Une angoisse diffuse s’installe dès les premières phrases d’Intimités, car cette femme a peur, sans que l’on sache de quoi puisqu’elle ne dit rien de son passé. Une peur sans mots qui se traduit chez elle par l’observation précise des différentes personnes qu’elle croise. Fraîchement débarquée en terre inconnue, elle ressemble à une proie qui tente de se protéger de prédateurs et prédatrices qu’elle détecte à leur apparence.
Un beau travail littéraire
Tout est question de jeux de domination, que la narratrice analyse sans fin dans la posture d’un homme puissant qui l’aborde au cours d’un cocktail, dans l’attitude de l’ex-femme de son petit ami, bourgeoise écrasante de certitudes quand elle-même doute de tout. Elle s’attache à ne pas être complice, ne pas consentir, se tient à distance en notant précisément la façon dont les autres occupent l’espace, comme si elle cherchait constamment le meilleur moyen pour s’échapper si besoin. Imaginer que le dictateur lui rappelle un père dont le décès lui a permis de fuir New York est une interprétation possible, parmi mille autres qui s’offrent à nous.

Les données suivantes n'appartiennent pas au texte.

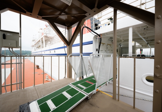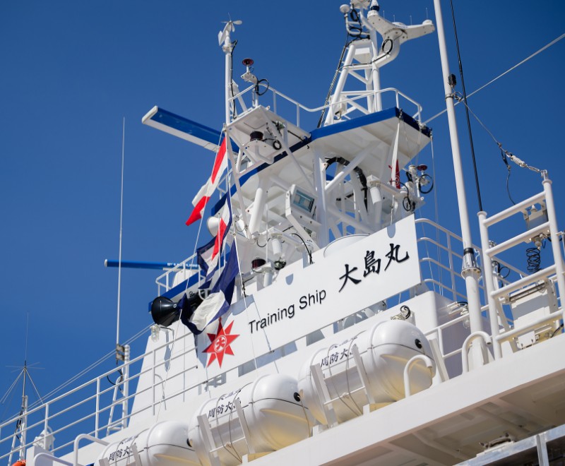 みなさん、こんにちは!2023年3月に誕生した大島丸です。大島商船高等専門学校と同じ、山口県にある三菱造船所で建造されました。

Un paysage de dunes au bord d’une mer du Nord qui la ramène inexplicablement à elle‑même
Et pour prendre la mesure de l’inhabituelle beauté d’un tel travail littéraire, il faut s’arrêter sur cette magnifique scène hors du temps vers la fin du roman. La narratrice, dans un paysage de dunes au bord d’une mer du Nord qui la ramène inexplicablement à elle‑même, appelle au téléphone sa mère partie à Singapour. Une conversation, quelques mots, et tout l’art de Kitamura se déploie.
Intimités de Katie Kitamura (Stock/“La Cosmopolite”), traduit de l’anglais (États-Unis) par Céline Leroy, 250 p., 20,50 €. En librairie le 1er février.